Net income gained 16 percent to $120 million, or 39 cents a share, from $103.3 million, or 33 cents, a year earlier, the New York-based company said today in a statement. Profit beat the 37-cents-a-share average estimate of six analysts surveyed by Bloomberg.
Standard & Poor’s, which generated 35 percent of the company’s revenue and 89 percent of its operating profit, is benefiting from an increase in new bond issues, said Peter Appert, an analyst at Piper Jaffray & Co. in San Francisco. Revenue from McGraw-Hill’s financial services segment grew 16 percent after its September acquisition of TheMarkets.com, a stock-research company.
“The S&P business really drives the profitability,” Appert said in a phone interview. “The debt markets have roared back to life after a near-death experience in 2008, 2009.”
First-quarter revenue rose 7.7 percent to $1.28 billion, from $1.19 billion a year earlier, according to the statement.

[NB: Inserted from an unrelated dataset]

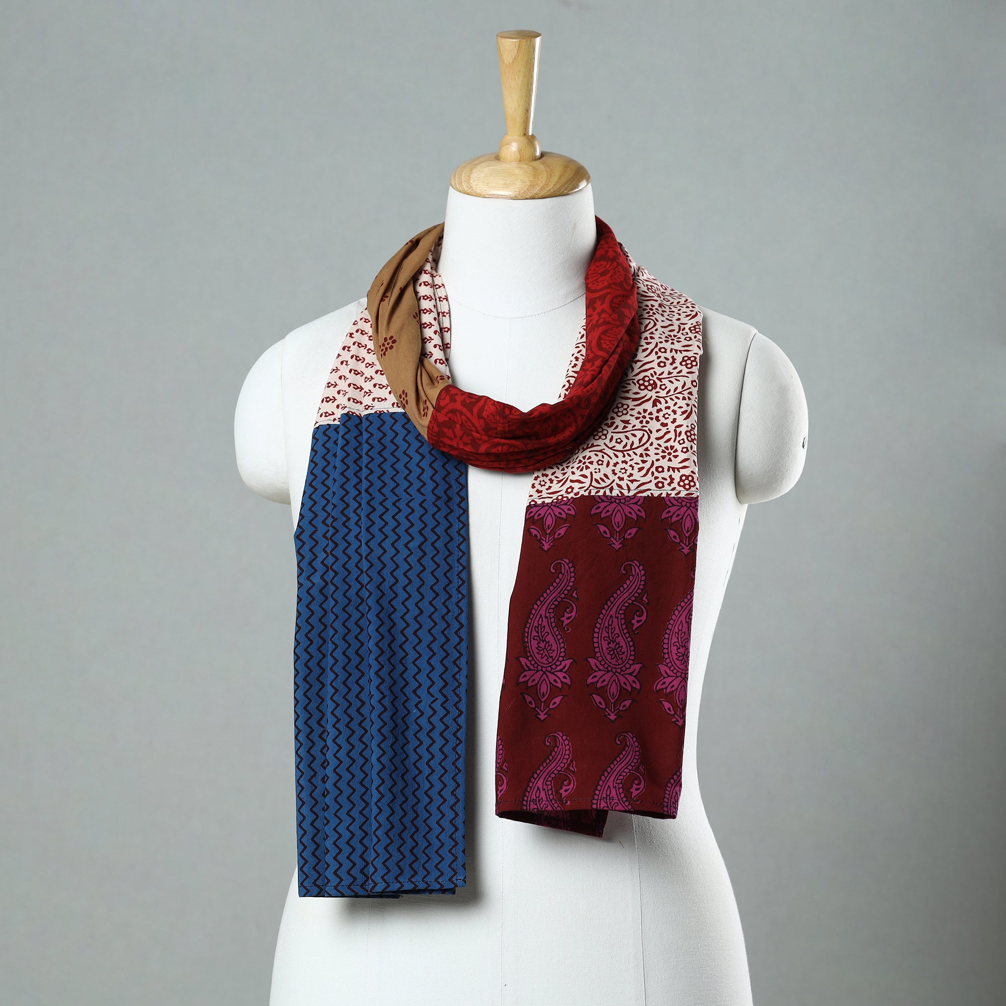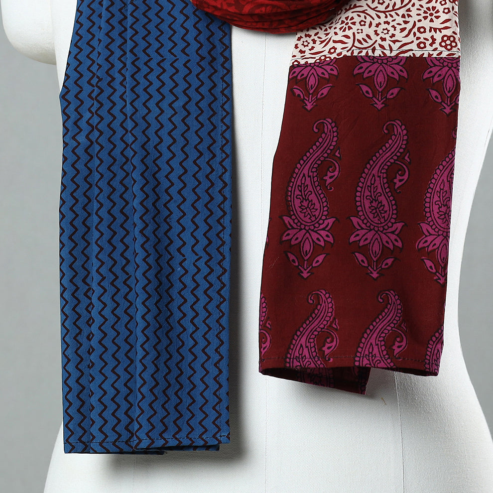 Elevate your style with our multicolor bagh block-printed patchwork cotton stole. This stole is crafted using naturally dyed cotton fabric through the traditional process of hand block printing practiced in Bagh in the Dhar district of Madhya Pradesh. Perfect for any occasion, its soft cotton fabric ensures comfort, while the intricate patchwork provides a stylish flair, making it an ideal accessory for both casual and formal wear.

McGraw-Hill fell 44 cents, or 1.1 percent, to $39.15 at 4 p.m. in New York Stock Exchange composite trading. The shares have gained 7.5 percent this year.
McGraw-Hill maintained its forecast of earnings per share of $2.79 to $2.89 per share.

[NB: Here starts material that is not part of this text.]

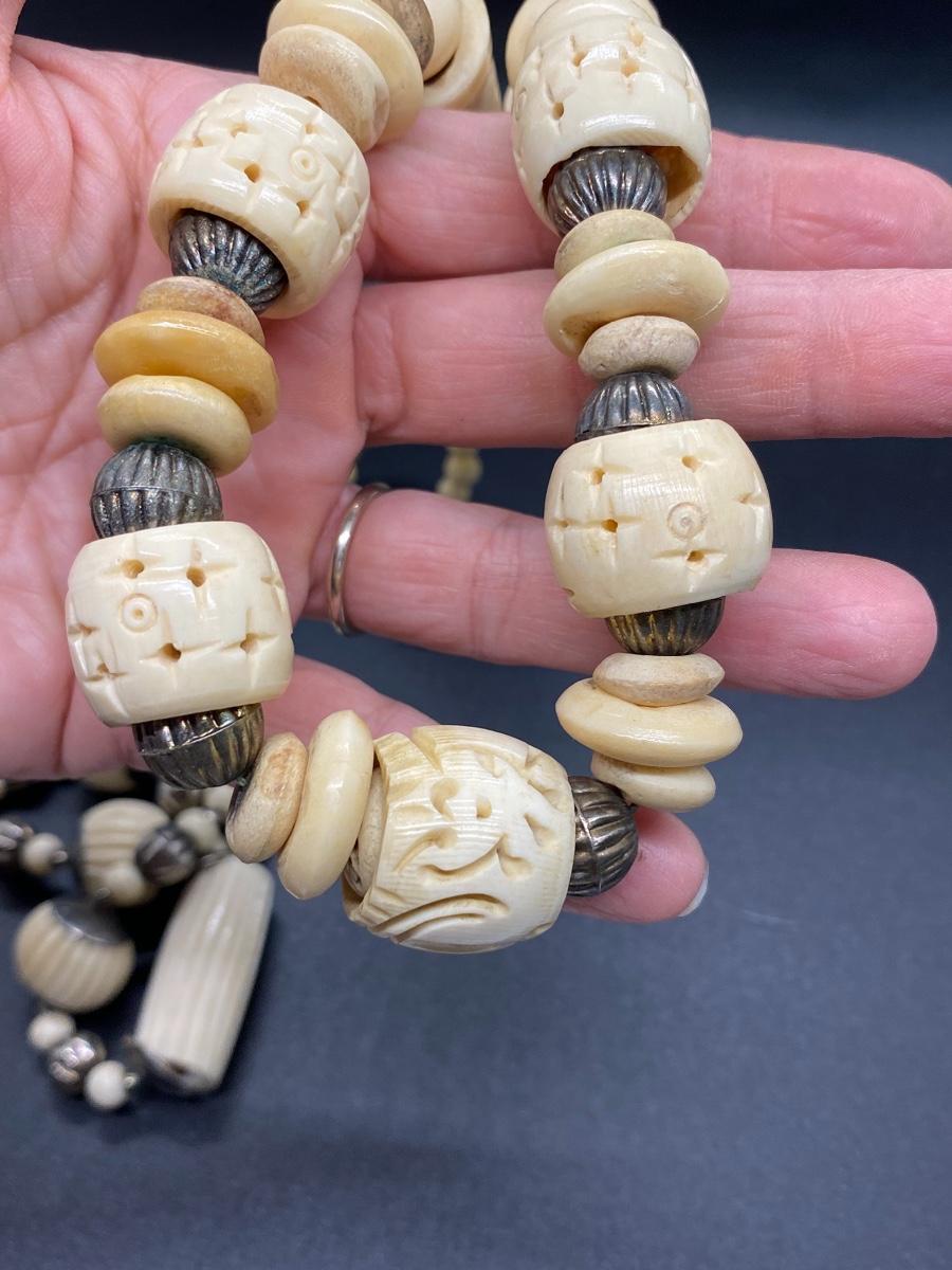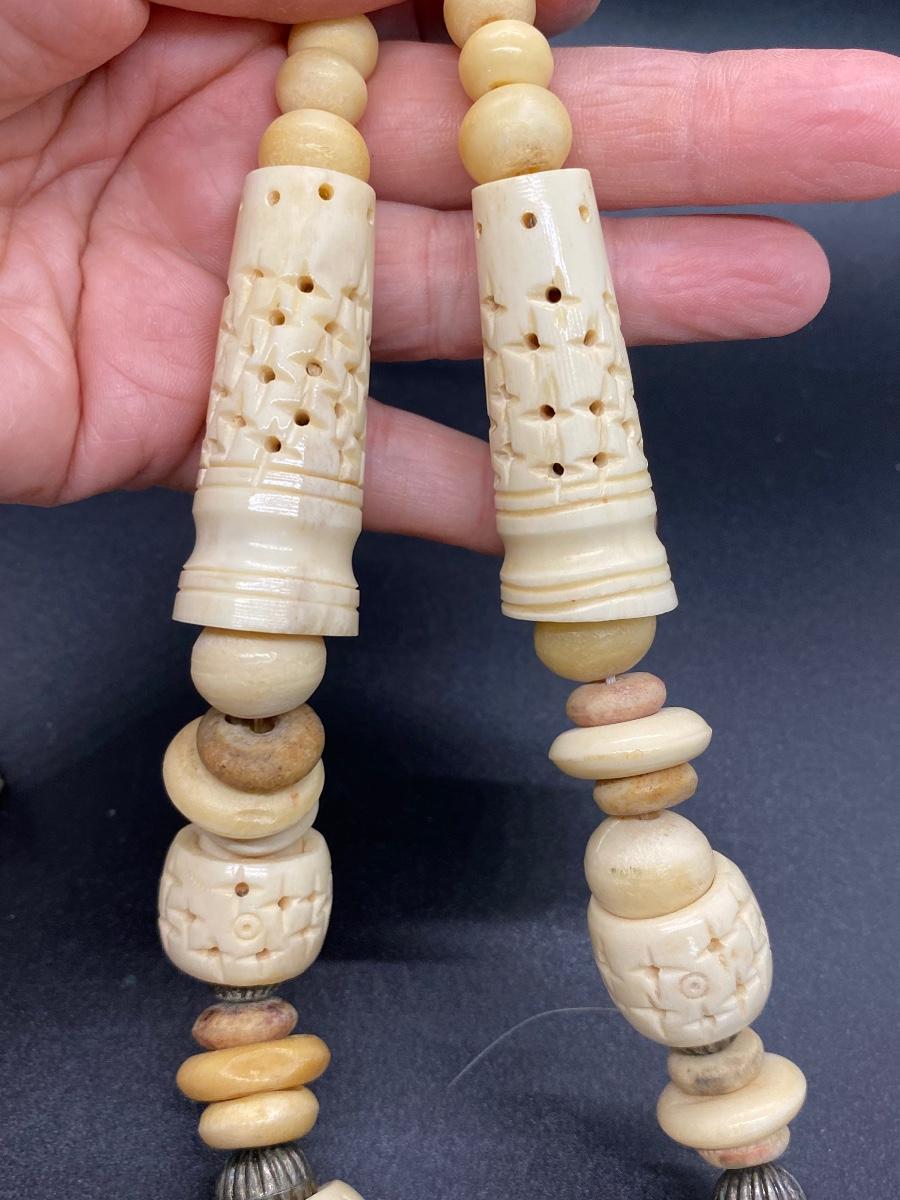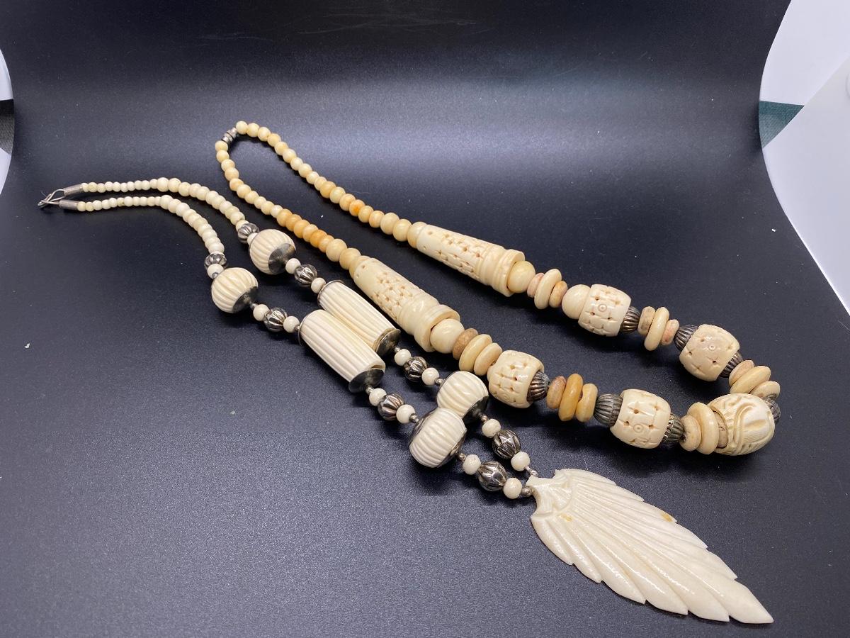 Pair of Vintage Carved Antler Bone Stone Beaded Necklaces

“It’s just one quarter, the start of the year,” Harold “Terry” McGraw, chairman and chief executive officer, said on a conference call with analysts. “What’s pleasing is that it’s a good start and everything is falling into shape the way we were hoping it would.”
McGraw-Hill’s textbook-publishing business, which made up 40 percent of its 2010 revenue, had a loss in the first quarter because schools don’t order classroom material until later in the year, said Appert, who has an “overweight” rating on the company’s shares.

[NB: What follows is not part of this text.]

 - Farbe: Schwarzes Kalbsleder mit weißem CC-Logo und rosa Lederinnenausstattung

“The valuation of the stock is negatively impacted by the education business,” Appert said.
McGraw-Hill’s textbook business faces uncertainties as state and local governments struggle to fund education, Appert said. School districts are reluctant to spend on materials when they are unable to pay teachers’ salaries, he said.
“When push comes to shove, the last thing they want to do is fire Mrs. Jones when you can defer spending on textbooks,” he said.